Analysis of the stress wave effect during coal breakage by a high-pressure abrasive air jet

Abstract

In view of the defects of borehole collapse, inhibition of gas desorption and migration of gas existing in hydraulic fracturing and other hydraulic permeability–increasing measures for soft coal seams with low-permeability technology is proposed for coal breakage by a high-pressure abrasive gas jet for relieving pressure and increasing permeability. The comparative analysis of gas jet flow field structure between convergent nozzle and Laval nozzle has been given by numerical simulation. For Laval nozzle, the expansion wave and compression wave alternate and move forward steadily in gas jet and vanish when potential core length reaches maximum. So, the Laval nozzle can form more stable flow filed structure of gas jet and avoid shock wave in gas jet. Furthermore, a high-speed camera is adopted to analyze the jet structure and verify the conclusion of numerical simulation.
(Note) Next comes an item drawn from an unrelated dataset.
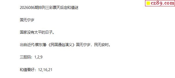 体彩P3字谜汇总2026年086期超级马克p3今...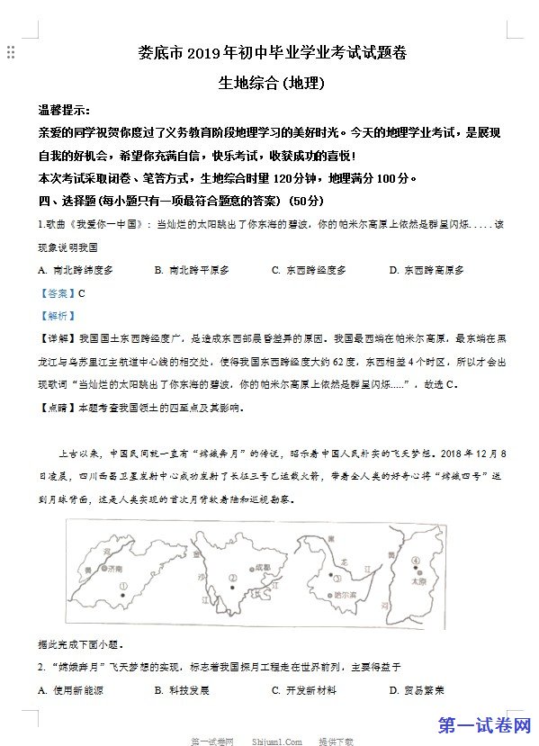 湖南省娄底市2019年中考地理试题(解析版)下载。试卷资源预览图如下:

Based on thermodynamic theory, this article calculates and analyzes the critical local sound velocity and pressure generated from the stress wave during the process of coal breakage by the gas jet. Furthermore, experimental coal breakage by a high-pressure abrasive gas jet is carried out. The high-pressure abrasive gas jet impacts the coal body as a quasi-static load and a dynamic load and forms corrosion pits on the surface of the coal body. Penetrating cracks are formed within the coal in the pattern of the loaded stress wave which leads to coal breakage. The effects of porosity and permeability on the propagation of the stress wave in coal are analyzed by establishing the dispersion equation for the spread of the stress wave in coal. The results show that porosity has a significant effect on wave velocity and that the attenuation of the stress wave is intensified with an increase in porosity. Moreover, the stress wave attenuation is more obvious at high frequency. The effect of permeability on the wave velocity is not significant at low frequencies. In contrast, at high frequency and relatively low permeability, the wave velocity increases with the permeability, and the attenuation of the wave velocity initially increases and then decreases. When the permeability is greater than 10−11 m2, the wave velocity is not affected by the permeability. However, the stress wave is not attenuated.